Quant à Yaghmoracen, il était demeuré fidèle à la dynastie d'Abd-el-Moumen depuis l'époque où il s'en fut déclaré le vassal, et, dans son gouvernement de Tlemcen, il continuait à servir les sultans de Maroc en se montrant l'ami de leurs amis et l'ennemi de leurs ennemis. Parmi ces princes, Er-Rechid fut celui auquel il donna les témoignages les plus fréquents de dévouement et dont il reçut, en retour, les plus nombreuses marques d'amitié. Ce fut ainsi qu'en l'an 637 (1239-40), Er-Rechid lui envoya une grande quantité d'objets rares et précieux, sachant qu'un tel présent serait accepté avec plaisir et qu'il contribuerait à entretenir ce chef dans son éloignement pour les Beni Merîn, tribu qui avait déjà commencé des hostilités contre le Maghreb et l'empire de Maroc.

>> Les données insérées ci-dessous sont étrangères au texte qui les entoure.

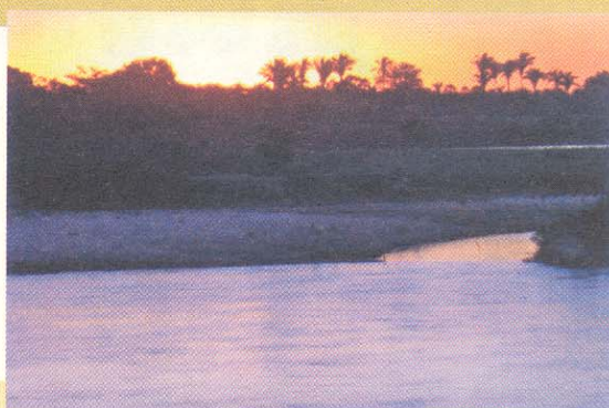
Quattro suggestive immagini del paesaggio brasiliano

Le bon accord qui régna entre Yaghmoracen et son proche voisin Er-Rechîd, avait déjà donné du mécontentement à l'émir

Abou-Zékérïa, quand ce prince reçut la visite d'Abd-el-CaouiIbn-el-Abbas et des fils de Mendil-Ibn-Mohammed, qui vinrent demander secours contre Yaghmoracen. Ils lui exposèrent que la prise de Tlemcen serait une chose très-facile; qu'alors il pourrait réunir sous ses drapeaux toutes les tribus zenatiennes, que ce serait un grand pas de fait vers la conquête de l'empire almohade, but auquel il visait, et que la prise de cette ville lui ouvrirait la porte du pays qu'il convoitait. Cédant à leurs prières et à leurs représentations, il rassembla ses troupes hafsides', celles de ses alliés et tous les autres corps de son armée, en leur annonçant qu'il allait marcher sur Tlemcen. Il convoqua aussi les Arabes nomades qui fréquentaient ses provinces, et, à cet appel, les Soleim et les Rîah se mirent en mouvement, avec leurs familles, pour aller le joindre.

Ce fut en l'an 639 (1241-2) qu'Abou-Zékérïa partit pour le Maghreb, emmenant avec lui une armée immense. D'après ses ordres, Abd-el-Caouï-Ibn-el- Abbas et les fils de Mendil-IbnMohammed prirent les devants, afin d'appeler sous leurs drapeaux les tribus zenatiennes de leur pays, les gens qui suivaient leur fortune, les peuplades qui vivaient de brigandages et les fractions de la tribu arabe des Zoghba qui s'étaient attachées au parti des Zenata. Le lieu de rendez-vous devait être sur la frontière de leur territoire. Quand Abou-Zékéria fut parvenu à Zaghez, sibkha située au Midi de Titeri et dernière limite occidentale des régions fréquentées par les Riah et les Soleim, il opéra sa jonction avec les Beni-Amer et les Soueid, tribus zoghbiennes qui venaient prendre part à cette expédition et assister au siége de Tlemcen. Avant la jonction des troupes hafsides avec les contingents zenatiens et les autres populations no

1 Comme les Hafsides professaient la même doctrine que les Almohades de Maroc, Ibn-Khaldoun les désigne aussi par le nom d'Almohades, ce qui jette, de temps en temps, beaucoup de confusion dans son récit. Pour éviter ce défaut, le traducteur a consacré le titre d'Almohade à la dynastie d'Abd-el-Moumen et celui de Hafside à la dynastie d'Abou-Hafs.